══ Data to use ══
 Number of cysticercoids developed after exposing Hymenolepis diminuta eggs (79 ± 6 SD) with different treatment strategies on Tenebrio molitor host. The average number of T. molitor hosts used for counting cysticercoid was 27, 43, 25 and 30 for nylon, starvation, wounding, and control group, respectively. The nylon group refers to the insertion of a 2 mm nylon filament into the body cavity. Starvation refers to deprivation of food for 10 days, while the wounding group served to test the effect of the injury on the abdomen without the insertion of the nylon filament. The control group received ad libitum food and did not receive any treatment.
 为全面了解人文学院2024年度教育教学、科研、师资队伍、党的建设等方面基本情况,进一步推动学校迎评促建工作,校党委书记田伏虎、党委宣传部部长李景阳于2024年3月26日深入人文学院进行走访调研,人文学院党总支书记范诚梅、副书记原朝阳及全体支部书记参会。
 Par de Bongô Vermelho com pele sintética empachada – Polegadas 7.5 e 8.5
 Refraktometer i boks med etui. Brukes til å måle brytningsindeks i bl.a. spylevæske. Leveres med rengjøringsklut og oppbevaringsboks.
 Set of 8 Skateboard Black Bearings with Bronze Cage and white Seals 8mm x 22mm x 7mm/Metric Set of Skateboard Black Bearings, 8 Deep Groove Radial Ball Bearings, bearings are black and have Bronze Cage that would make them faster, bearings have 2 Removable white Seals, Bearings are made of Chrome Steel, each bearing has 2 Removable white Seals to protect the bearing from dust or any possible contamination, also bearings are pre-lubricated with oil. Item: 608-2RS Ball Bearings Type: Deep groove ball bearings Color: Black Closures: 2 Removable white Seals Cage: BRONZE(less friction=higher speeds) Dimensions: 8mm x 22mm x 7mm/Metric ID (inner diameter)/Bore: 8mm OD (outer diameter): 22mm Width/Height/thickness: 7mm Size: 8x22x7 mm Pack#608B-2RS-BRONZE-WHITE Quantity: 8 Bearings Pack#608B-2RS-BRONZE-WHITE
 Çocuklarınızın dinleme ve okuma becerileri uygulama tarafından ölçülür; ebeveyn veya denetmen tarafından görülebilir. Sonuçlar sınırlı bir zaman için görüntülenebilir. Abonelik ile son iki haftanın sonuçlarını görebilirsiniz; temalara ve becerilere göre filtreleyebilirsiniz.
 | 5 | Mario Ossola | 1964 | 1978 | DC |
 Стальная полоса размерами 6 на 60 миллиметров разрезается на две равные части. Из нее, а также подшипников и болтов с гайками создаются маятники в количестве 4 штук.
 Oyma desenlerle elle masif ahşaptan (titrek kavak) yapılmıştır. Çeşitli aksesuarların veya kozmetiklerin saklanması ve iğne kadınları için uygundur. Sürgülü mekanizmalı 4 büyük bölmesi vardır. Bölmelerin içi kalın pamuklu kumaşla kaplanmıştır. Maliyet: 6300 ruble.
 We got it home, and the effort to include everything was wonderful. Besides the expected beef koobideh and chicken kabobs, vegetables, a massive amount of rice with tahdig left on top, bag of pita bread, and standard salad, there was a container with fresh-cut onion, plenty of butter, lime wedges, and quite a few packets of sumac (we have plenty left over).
═══
_Exercise brief:_
Each line in the data is to be written out precisely.

_Response for this exercise:_
 Number of cysticercoids developed after exposing Hymenolepis diminuta eggs (79 ± 6 SD) with different treatment strategies on Tenebrio molitor host. The average number of T. molitor hosts used for counting cysticercoid was 27, 43, 25 and 30 for nylon, starvation, wounding, and control group, respectively. The nylon group refers to the insertion of a 2 mm nylon filament into the body cavity. Starvation refers to deprivation of food for 10 days, while the wounding group served to test the effect of the injury on the abdomen without the insertion of the nylon filament. The control group received ad libitum food and did not receive any treatment.
 为全面了解人文学院2024年度教育教学、科研、师资队伍、党的建设等方面基本情况,进一步推动学校迎评促建工作,校党委书记田伏虎、党委宣传部部长李景阳于2024年3月26日深入人文学院进行走访调研,人文学院党总支书记范诚梅、副书记原朝阳及全体支部书记参会。
 Par de Bongô Vermelho com pele sintética empachada – Polegadas 7.5 e 8.5
 Refraktometer i boks med etui. Brukes til å måle brytningsindeks i bl.a. spylevæske. Leveres med rengjøringsklut og oppbevaringsboks.
 Set of 8 Skateboard Black Bearings with Bronze Cage and white Seals 8mm x 22mm x 7mm/Metric Set of Skateboard Black Bearings, 8 Deep Groove Radial Ball Bearings, bearings are black and have Bronze Cage that would make them faster, bearings have 2 Removable white Seals, Bearings are made of Chrome Steel, each bearing has 2 Removable white Seals to protect the bearing from dust or any possible contamination, also bearings are pre-lubricated with oil. Item: 608-2RS Ball Bearings Type: Deep groove ball bearings Color: Black Closures: 2 Removable white Seals Cage: BRONZE(less friction=higher speeds) Dimensions: 8mm x 22mm x 7mm/Metric ID (inner diameter)/Bore: 8mm OD (outer diameter): 22mm Width/Height/thickness: 7mm Size: 8x22x7 mm Pack#608B-2RS-BRONZE-WHITE Quantity: 8 Bearings Pack#608B-2RS-BRONZE-WHITE
 Çocuklarınızın dinleme ve okuma becerileri uygulama tarafından ölçülür; ebeveyn veya denetmen tarafından görülebilir. Sonuçlar sınırlı bir zaman için görüntülenebilir. Abonelik ile son iki haftanın sonuçlarını görebilirsiniz; temalara ve becerilere göre filtreleyebilirsiniz.
 | 5 | Mario Ossola | 1964 | 1978 | DC |
 Стальная полоса размерами 6 на 60 миллиметров разрезается на две равные части. Из нее, а также подшипников и болтов с гайками создаются маятники в количестве 4 штук.
 Oyma desenlerle elle masif ahşaptan (titrek kavak) yapılmıştır. Çeşitli aksesuarların veya kozmetiklerin saklanması ve iğne kadınları için uygundur. Sürgülü mekanizmalı 4 büyük bölmesi vardır. Bölmelerin içi kalın pamuklu kumaşla kaplanmıştır. Maliyet: 6300 ruble.
 We got it home, and the effort to include everything was wonderful. Besides the expected beef koobideh and chicken kabobs, vegetables, a massive amount of rice with tahdig left on top, bag of pita bread, and standard salad, there was a container with fresh-cut onion, plenty of butter, lime wedges, and quite a few packets of sumac (we have plenty left over).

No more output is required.